Signed-off-by: Sriharsha Basavapatna <sriharsha.basavapatna@broadcom.com>
Signed-off-by: David S. Miller <davem@davemloft.net>
(cherry picked from commit f3d6ad84807254954fc69bdebb6123e5a2883baf)
Signed-off-by: Brian Maly <brian.maly@oracle.com>
Signed-off-by: Dhaval Giani <dhaval.giani@oracle.com>

be2net: Update Copyright string in be_hw.h

Orabug: 25570957

This patch updates the year and company name in the copyright string
in be_hw.h.

Signed-off-by: Sriharsha Basavapatna <sriharsha.basavapatna@broadcom.com>
Signed-off-by: David S. Miller <davem@davemloft.net>
(cherry picked from commit 77b696cba961bb6e88aeba36253849443f9a4186)
Signed-off-by: Brian Maly <brian.maly@oracle.com>
Signed-off-by: Dhaval Giani <dhaval.giani@oracle.com>

be2net: NCSI FW section should be properly updated with ethtool for BE3

Orabug: 25570957

The driver has a check to ensure that NCSI FW section is updated only
if the current FW version in the card supports it. This FW version check
is done using memcmp() which obviously fails in some cases. Fix this by
breaking up the version string into integer version components and
comparing them.

Signed-off-by: Sriharsha Basavapatna <sriharsha.basavapatna@broadcom.com>
Signed-off-by: David S. Miller <davem@davemloft.net>
(cherry picked from commit f5ef017e1195d0a8c69a82bf95fea9c776b93ff0)
Signed-off-by: Brian Maly <brian.maly@oracle.com>
Signed-off-by: Dhaval Giani <dhaval.giani@oracle.com>

be2net: Provide an alternate way to read pf_num for BEx chips

Orabug: 25570957

The driver gets the pf_num for Skyhawk and Lancer using
GET_FUNC_CONFIG FW command. But since that command is not
supported in BEx, we need to get it from some other command.
Otherwise TPE recovery would fail since all NIC PFs would
end up with a func num of 0. There's a pci function number
field in the response of GET_CNTL_ATTRIBUTES command that
can be read to get the same info for BEx adapters.

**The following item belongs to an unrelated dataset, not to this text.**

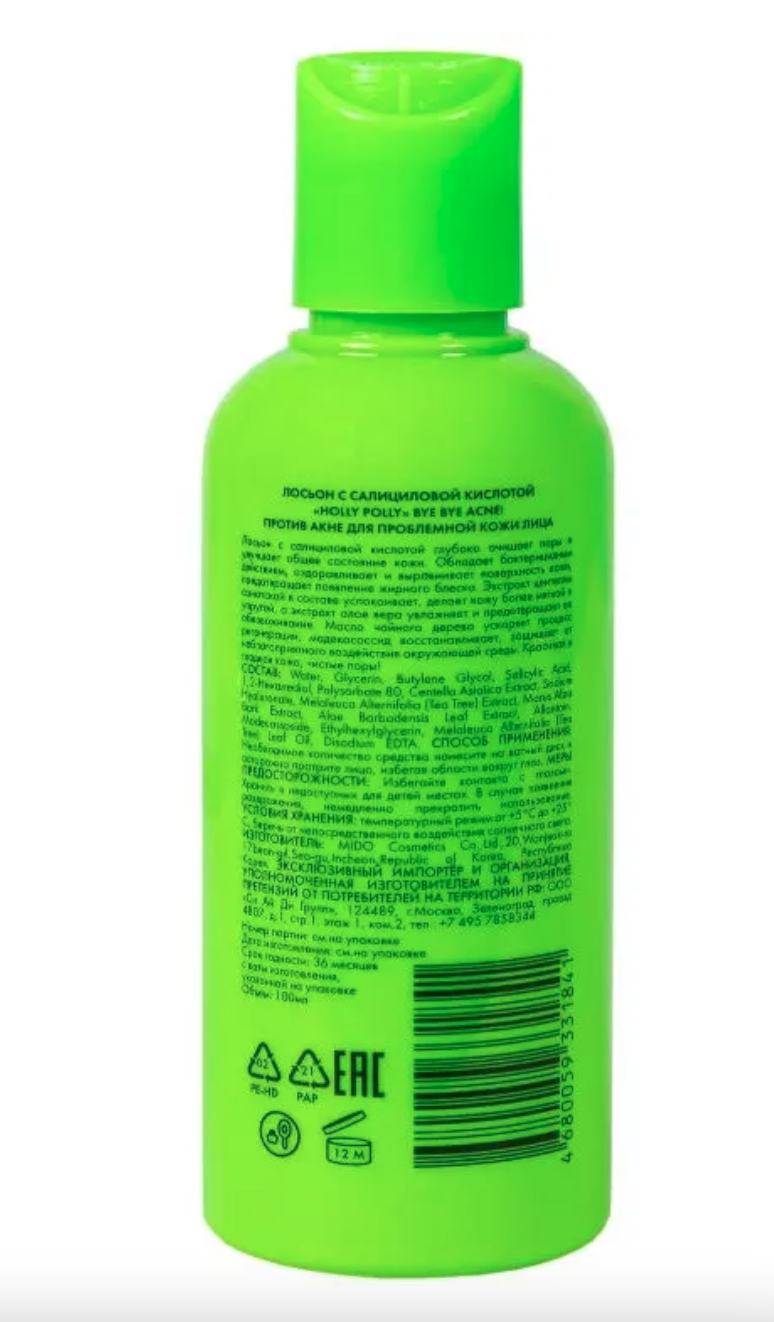 Способ применения: Нанесите лосьон на ватный диск, протрите лицо, предварительно очистив кожу пенкой для умывания лица Holly Polly Bye Bye Acne! против акне и воспалений.
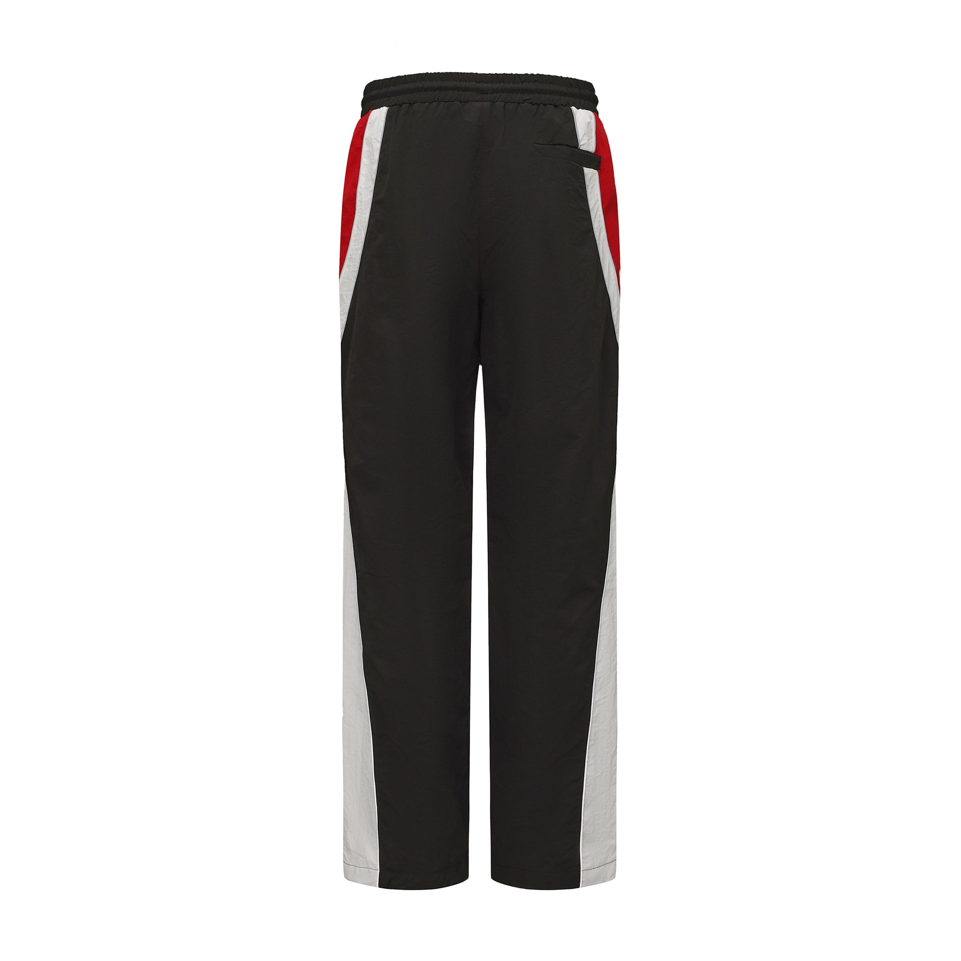 The bold black base is sculpted with white side panels and racing red accents for a dynamic, motorsport-inspired edge. An elastic waistband with adjustable drawcord ensures a secure, tailored fit, while clean vertical paneling elongates the profile for a refined finish.

Signed-off-by: Sriharsha Basavapatna <sriharsha.basavapatna@broadcom.com>
Signed-off-by: David S. Miller <davem@davemloft.net>
(cherry picked from commit 6ee080bb09889dc0195a9c659288d17999237fb6)
Signed-off-by: Brian Maly <brian.maly@oracle.com>
Signed-off-by: Dhaval Giani <dhaval.giani@oracle.com>

be2net: mark symbols static where possible

Orabug: 25570957

We get 4 warnings when building kernel with W=1:
drivers/net/ethernet/emulex/benet/be_main.c:4368:6: warning: no previous prototype for 'be_calculate_pf_pool_rss_tables' [-Wmissing-prototypes]
drivers/net/ethernet/emulex/benet/be_cmds.c:4385:5: warning: no previous prototype for 'be_get_nic_pf_num_list' [-Wmissing-prototypes]
drivers/net/ethernet/emulex/benet/be_cmds.c:4537:6: warning: no previous prototype for 'be_reset_nic_desc' [-Wmissing-prototypes]
drivers/net/ethernet/emulex/benet/be_cmds.c:4910:5: warning: no previous prototype for '__be_cmd_set_logical_link_config' [-Wmissing-prototypes]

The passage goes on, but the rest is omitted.